Information supplied:
-------------------------

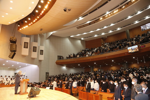 총회 서기 고광석 목사의 사회로 진행된 예배에서 제107회 총회장 권순웅 목사는 “샬롬부흥비전”에 대해 설교 말씀을 전했다. 설교 후 학생대표가 총회장과 부총회장에게 꽃다발을 증정하는 감사의 시간도 가졌다. 예배 후에는 총회와 권순웅 총회장이 함께 신대원 학생들과 교직원들을 위해 1,100만 원의 식사비를 부담하여 점심식사를 대접하였다.
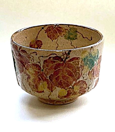 【茶道具】灰釉 蔦図 茶碗 *中村良二* 秋峰窯
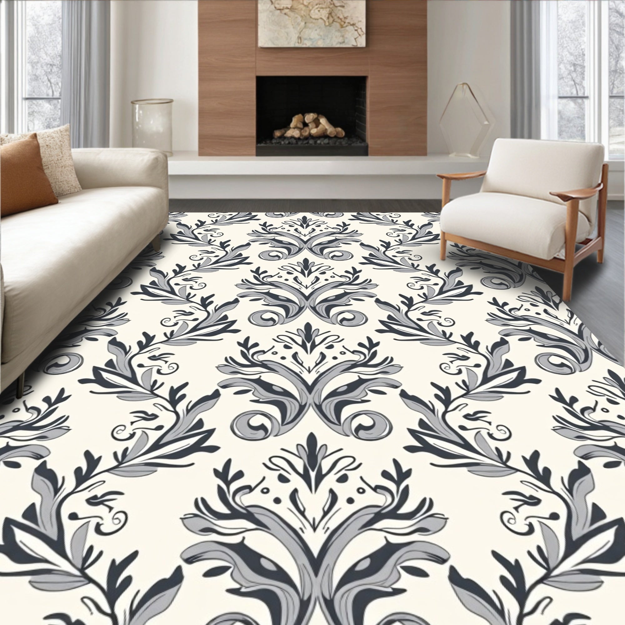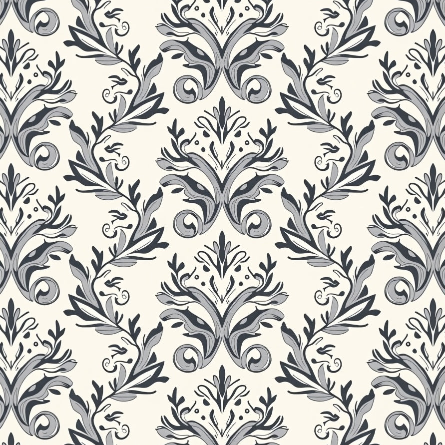 Classic Damask Scrollwork with Botanical Vine Motifs(Gray)

-------------------------

What you will do: Exact reproduction is required. Output only the lines from the one with "茶碗 *中村良二* 秋峰窯" through the end of the listing above, both ends included, and no pictures.

Response to this exercise:
 【茶道具】灰釉 蔦図 茶碗 *中村良二* 秋峰窯
 Classic Damask Scrollwork with Botanical Vine Motifs(Gray)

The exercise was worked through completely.